● ABOUT THIS TASK: From the first line to the last, write out the records exactly, leaving out images.

● DATA LISTING:
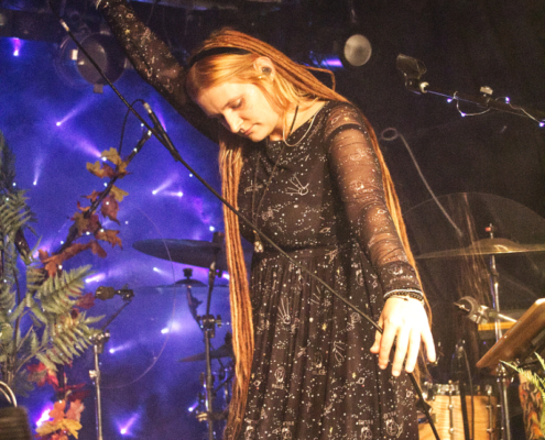 Die Europatour trug den Titel ‚An autumn evening with …Cellar Darling, Iamthemorning und Maer‘ – dementsprechend fein und liebevoll war auch die Bühne dekoriert. Die Instrumente und Mikrofonständer waren gesäumt von Zweigen und herbstlichen Blättern. Die Lichterkette an der Rückseite wirkte wie ein Sternenhimmel. Das sah echt total schön und gemütlich aus.
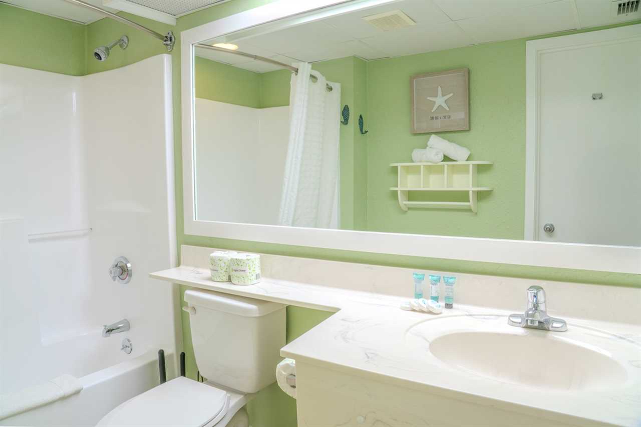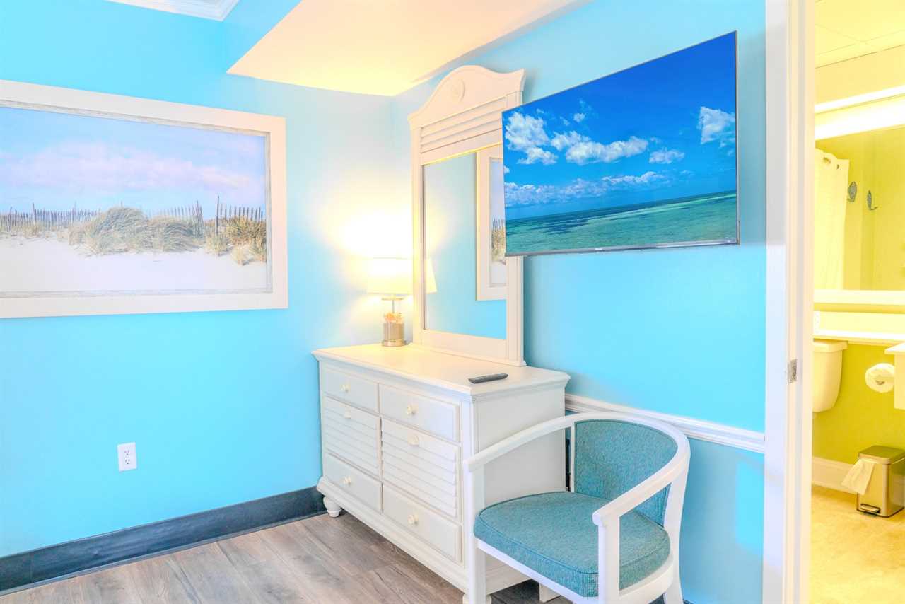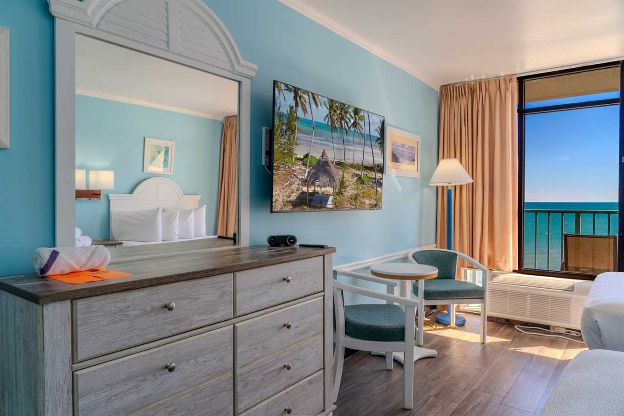 Let's begin with 1245, a cozy studio designed for your ultimate Myrtle Beach retreat. Upon entering, you'll be welcomed by its open and inviting layout, featuring two comfortable extra long double beds, perfect for up to 4 guests. To ensure you feel right at home, there's ample storage in the large dresser and private closet. The space also includes a 55in wall-mounted flat-screen smart TV and a small dining table for enjoying meals or snacks after a day of fun in the sun. This unit has LVP flooring in the main living space, and ceramic tile in the bathroom. The same can be found in 1246, with ceramic tile in the kitchen as well!
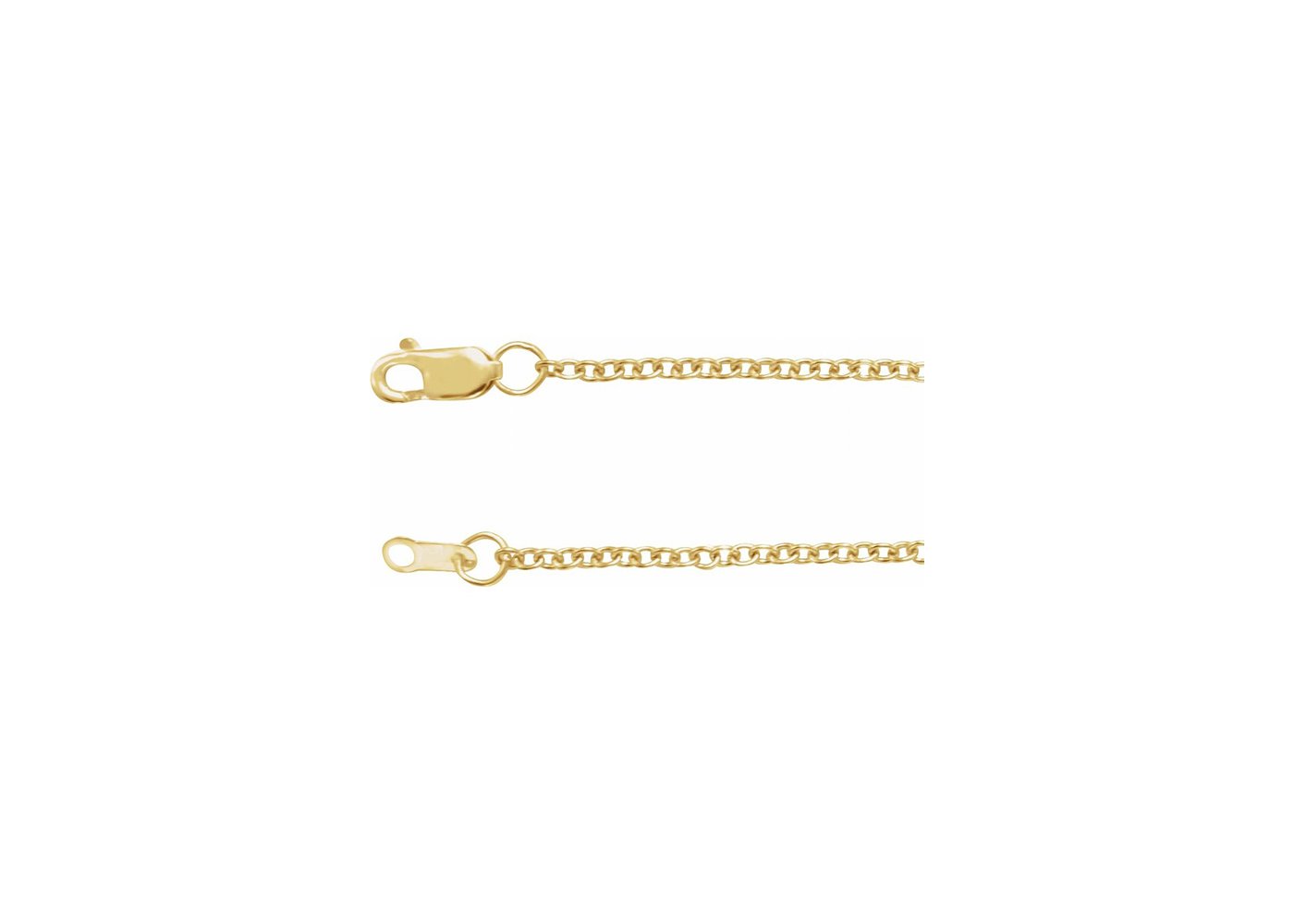1.5mm solid cable link, 5% of the material is 14k gold, bonded over brass (5% is a lot more compared to electroplating / dipped CRAP out there), finished with a lobster clasp. 7" is the standard length, but custom lengths can be ordered.
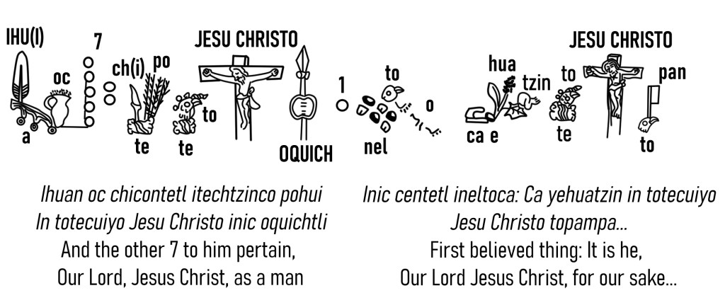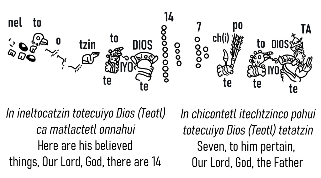 Figure 2. Part 1 of the Articles of Faith, Codex Mexicanus 52-53. nel-to-o-tzin-to-te-IYO-DIOS-te-14-7-te-ch(i)-po-to-te-IYO-DIOS-te-TA, (In i)nelto(ca)tzin tote(cu)iyo Dios Te(otl, ca) matlactetl onnahui. (In) chicontetl (i)tech(tzinco) po(hui) tote(cu)iyo Dios Te(otl te)ta(tzin), “Here are his believed things, Our Lord, God, There are 14. Seven to him pertain, Our Lord, God, the Father.”Figure 3. Part 2 of the Articles of Faith, Codex Mexicanus 53-54. IHU(I)-a-oc-7-te-chi-po-to-te-JESU-CRISTO–OQUICH-1-nel-to-o-ca-e-hua-tzi-to-te-JESU-CRISTO-to-pa, Ihua(n) oc chicon(tetl i)tech(tzinco) po(hui in) tote(cuiyo) Jesu Christo(inic) oquich(tli.Inic) cen(tetl i)nelto(ca) ca (y)ehuatzin (in) tote(cuiyo) Jesu Christo. Topam(pa)…, ‘And the other seven to Him pertain, Our Lord, Jesus Christ, as a man. First Believed thing: It is he, Our Lord Jesus Christ, for our sake…
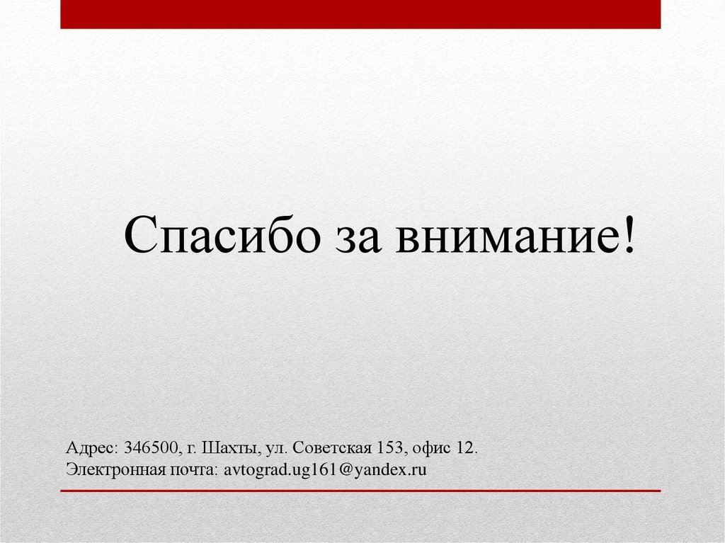 Спасибо за внимание!Адрес: 346500, г. Шахты, ул. Советская 153, офис 12.
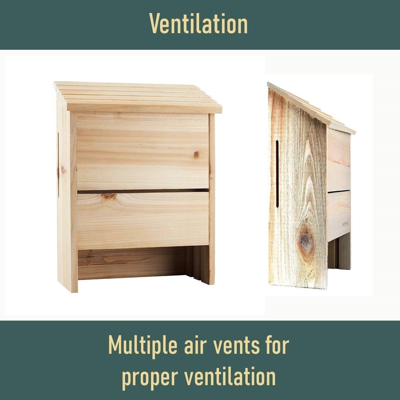 • BAT SHELTER: Constructed of deluxe heavy-duty wood which is naturally rot resistant. The air vents allow for proper ventilation.
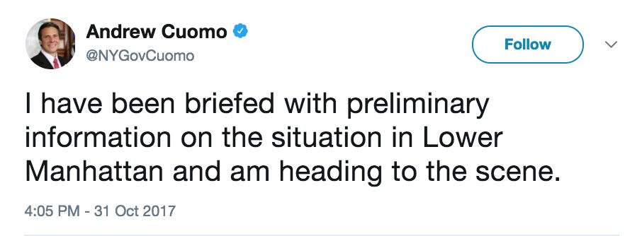 LATEST: New York Gov. Andrew Cuomo headed to scene lower Manhattan. http://abcn.ws/2zm6tQ0 pic.twitter.com/DzdihzMTXf
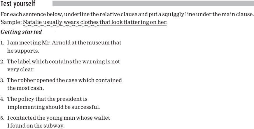 In each sentence below, the relative clause is underlined, and the noun phrase which the relative clause is modifying is in bold. The main clause can stand on its own as a sentence without the relative clause; the relative clause just provides additional information about the noun phrase it’s modifying and cannot stand alone. Like other clauses, a relative clause has its own subject and verb phrase.
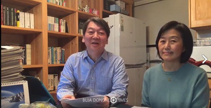 안철수 전 국민의당 상임공동대표는 29일 오후 부인 김미경 서울대 의대 교수와 함께 자신의 사회관계망서비스(SNS) 페이스북을 통해 '안철수 김미경 부부 설날맞이 올댓글토크'를 진행, 시민들과 소통했다. 사진은 시민들과 이야기를 나누고 있는 안 전 대표 부부. 2017.01.29 (사진 = 안 전 대표 페이스북 갈무리)
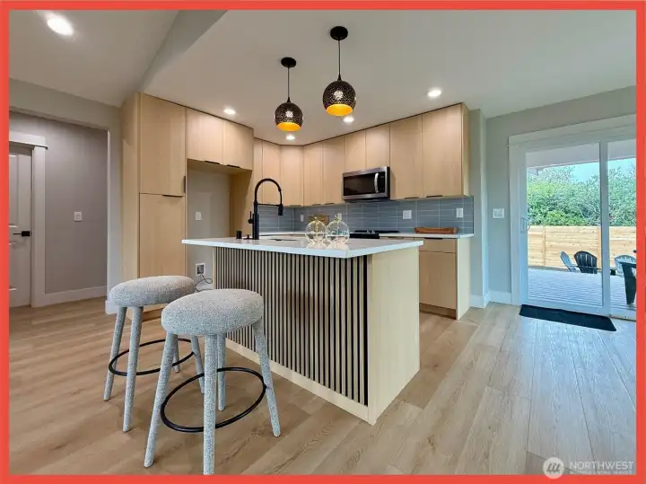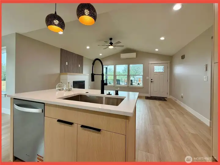Brand New Ocean Shores, WA Retreat near the Taurus Beach Approach! This residence exudes impeccable design and upscale finish materials throughout. Enter the 1,162sf open concept plan with vaulted ceilings, fireplace, and luxury vinyl plank flooring. The kitchen features gorgeous cabs, stainless appliances, Quartz slab countertops, tiled backsplash and an island/breakfast bar. Down one hallway is the airy primary en-suite with walk in closet, tiled shower and sliding door to the covered deck. Hallway bath with tub and 2nd bedroom on the opposite side of home. 1-car garage. RV parking. Front and back covered decks w/Trex decking. H&C ext spigot. Partially fenced back yard. 8,052 sf lot with city greenbelt behind property for extra privacy.
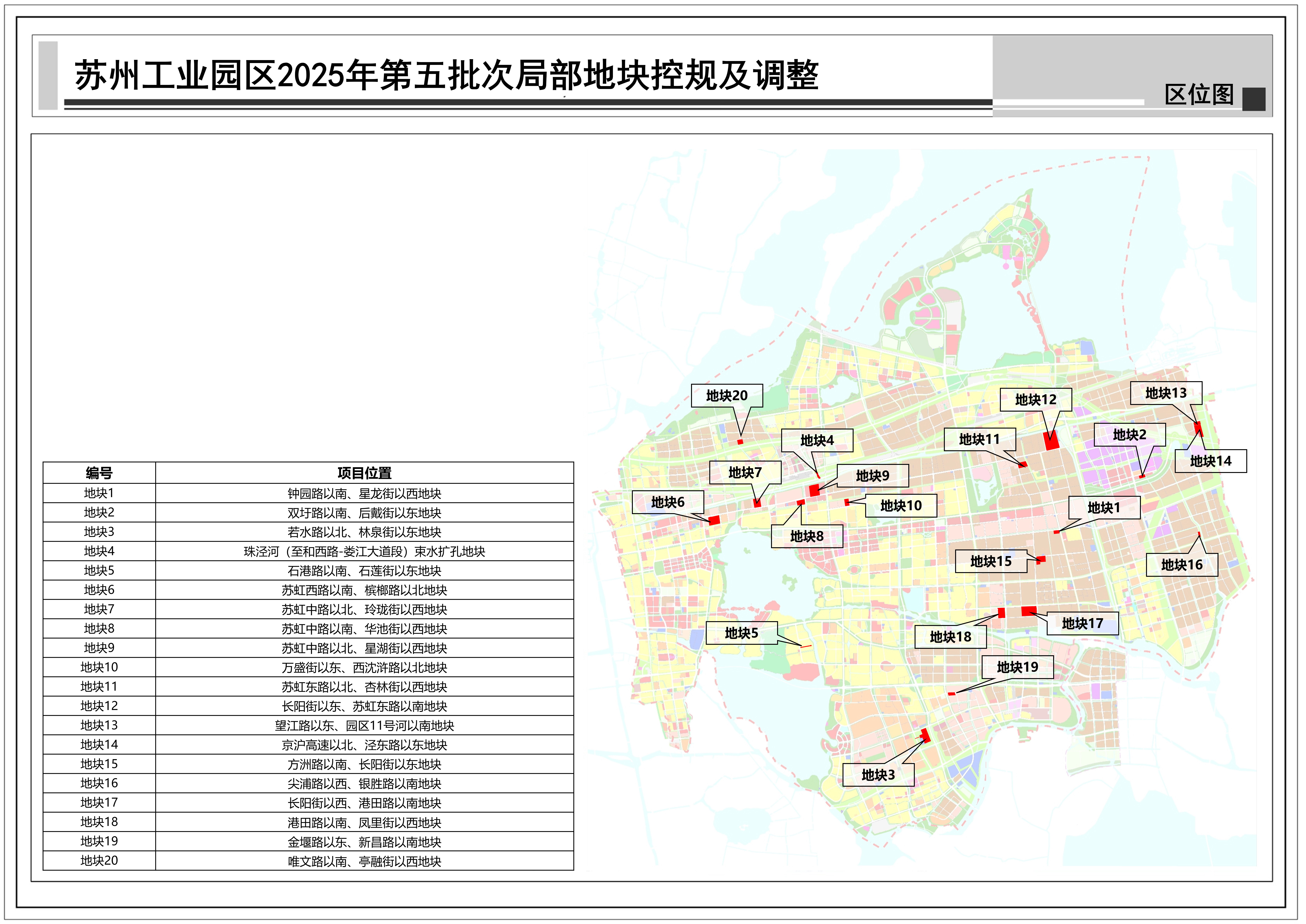 蘇州工業園區2025年第五批次局部地塊控規及調整:共包括20個地塊,總用地面積約1.26平方公里,詳見附圖區位圖。

● COMPLETED EXERCISE:
 Die Europatour trug den Titel ‚An autumn evening with …Cellar Darling, Iamthemorning und Maer‘ – dementsprechend fein und liebevoll war auch die Bühne dekoriert. Die Instrumente und Mikrofonständer waren gesäumt von Zweigen und herbstlichen Blättern. Die Lichterkette an der Rückseite wirkte wie ein Sternenhimmel. Das sah echt total schön und gemütlich aus.
 Let's begin with 1245, a cozy studio designed for your ultimate Myrtle Beach retreat. Upon entering, you'll be welcomed by its open and inviting layout, featuring two comfortable extra long double beds, perfect for up to 4 guests. To ensure you feel right at home, there's ample storage in the large dresser and private closet. The space also includes a 55in wall-mounted flat-screen smart TV and a small dining table for enjoying meals or snacks after a day of fun in the sun. This unit has LVP flooring in the main living space, and ceramic tile in the bathroom. The same can be found in 1246, with ceramic tile in the kitchen as well!
1.5mm solid cable link, 5% of the material is 14k gold, bonded over brass (5% is a lot more compared to electroplating / dipped CRAP out there), finished with a lobster clasp. 7" is the standard length, but custom lengths can be ordered.
 Figure 2. Part 1 of the Articles of Faith, Codex Mexicanus 52-53. nel-to-o-tzin-to-te-IYO-DIOS-te-14-7-te-ch(i)-po-to-te-IYO-DIOS-te-TA, (In i)nelto(ca)tzin tote(cu)iyo Dios Te(otl, ca) matlactetl onnahui. (In) chicontetl (i)tech(tzinco) po(hui) tote(cu)iyo Dios Te(otl te)ta(tzin), “Here are his believed things, Our Lord, God, There are 14. Seven to him pertain, Our Lord, God, the Father.”Figure 3. Part 2 of the Articles of Faith, Codex Mexicanus 53-54. IHU(I)-a-oc-7-te-chi-po-to-te-JESU-CRISTO–OQUICH-1-nel-to-o-ca-e-hua-tzi-to-te-JESU-CRISTO-to-pa, Ihua(n) oc chicon(tetl i)tech(tzinco) po(hui in) tote(cuiyo) Jesu Christo(inic) oquich(tli.Inic) cen(tetl i)nelto(ca) ca (y)ehuatzin (in) tote(cuiyo) Jesu Christo. Topam(pa)…, ‘And the other seven to Him pertain, Our Lord, Jesus Christ, as a man. First Believed thing: It is he, Our Lord Jesus Christ, for our sake…
 Спасибо за внимание!Адрес: 346500, г. Шахты, ул. Советская 153, офис 12.
 • BAT SHELTER: Constructed of deluxe heavy-duty wood which is naturally rot resistant. The air vents allow for proper ventilation.
 LATEST: New York Gov. Andrew Cuomo headed to scene lower Manhattan. http://abcn.ws/2zm6tQ0 pic.twitter.com/DzdihzMTXf
 In each sentence below, the relative clause is underlined, and the noun phrase which the relative clause is modifying is in bold. The main clause can stand on its own as a sentence without the relative clause; the relative clause just provides additional information about the noun phrase it’s modifying and cannot stand alone. Like other clauses, a relative clause has its own subject and verb phrase.
 안철수 전 국민의당 상임공동대표는 29일 오후 부인 김미경 서울대 의대 교수와 함께 자신의 사회관계망서비스(SNS) 페이스북을 통해 '안철수 김미경 부부 설날맞이 올댓글토크'를 진행, 시민들과 소통했다. 사진은 시민들과 이야기를 나누고 있는 안 전 대표 부부. 2017.01.29 (사진 = 안 전 대표 페이스북 갈무리)
Brand New Ocean Shores, WA Retreat near the Taurus Beach Approach! This residence exudes impeccable design and upscale finish materials throughout. Enter the 1,162sf open concept plan with vaulted ceilings, fireplace, and luxury vinyl plank flooring. The kitchen features gorgeous cabs, stainless appliances, Quartz slab countertops, tiled backsplash and an island/breakfast bar. Down one hallway is the airy primary en-suite with walk in closet, tiled shower and sliding door to the covered deck. Hallway bath with tub and 2nd bedroom on the opposite side of home. 1-car garage. RV parking. Front and back covered decks w/Trex decking. H&C ext spigot. Partially fenced back yard. 8,052 sf lot with city greenbelt behind property for extra privacy.
 蘇州工業園區2025年第五批次局部地塊控規及調整:共包括20個地塊,總用地面積約1.26平方公里,詳見附圖區位圖。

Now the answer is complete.